The present invention comprises a force sensor, transmitter, receiver and signal conditioning components. The force sensor and transmitter are in one package. As shown in FIG. 1, the force sensor and transmitter package 10 is mounted in a fixed position on the rotating element 11 of the equipment to be measured. The force sensor and transmitter package 10 is mounted on the bull wheel 11 of the oilfield slush pump 12. This element rotates in a vertical plane. The force sensor measures the force between a weight and the bull wheel in one degree of freedom lying in the plane of the wheel 11. The force sensor and transmitter package 11 comprises a force sensor, such as an accelerometer, and a transmitter arranged in a housing adapted to be affixed to the machine element 11 which rotates in a vertical plane. As the element 11 rotates, the sensor measures gravitational and centrifugal forces, the former providing a sinousoidally varying sensor output having a period equal to the rotational period of the machine element 11. The transmitter is a battery-powered R.F. device which is activated once each revolution by an amplifier-detector A.C.-coupled to the output of the force sensor. A one-shot multivibrator is used to transmit a short burst during the on-time and such burst may be modulated for better noise rejection by the receiver. The receiver 24 is located remotely from the sensor/transmitter package 10 and comprises an R.F., detector, amplifier and, if required, a demodulator. Each output pulse from the receiver circuit represents one rotation of the machine element and division circuits are employed if it is desired to determine events of machine components other than the rotating element and having gear ratios with respect to the rotating element which differ from 1:1. The outputs are typically used for totalization of events and event rate determinations.

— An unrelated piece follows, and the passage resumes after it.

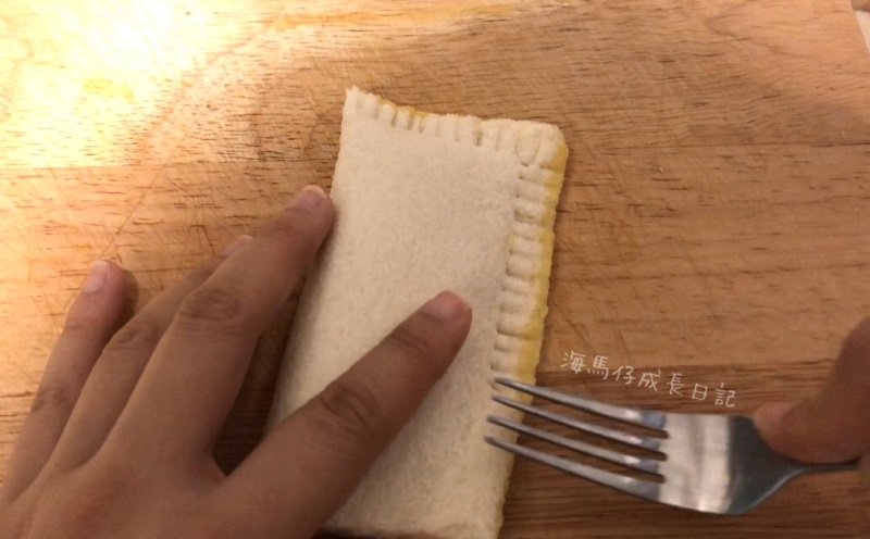 5. 對折方包,用叉壓邊,反轉另一邊再壓多次

The alignment of the sensor/transmitter package 10 in relation to the bull wheel 11 is shown in FIG. 2. As the wheel 11 rotates at a constant angular velocity, the sensor/transmitter 10 will measure two components of force, one due to gravitational forces and one due to centrifugal forces of the wheel 11. The former is sinousoidally varying with a period equal to the rotation period and the latter is a constant force due to the rotation of the wheel. The transmitter is a low power R.F. device 31, switched on once each rotation by an amplifier-detector 29 which is A.C.-coupled to the output of the accelerometer 25. The on period may be brief provided by one-shot control 30, and the transmitted burst may be modulated for better noise rejection by the receiver. Since the transmitter is switched on for a short period compared to the rotating period, it may be operated by batteries 26 or some internal generator, giving it long, useful life and little maintenance.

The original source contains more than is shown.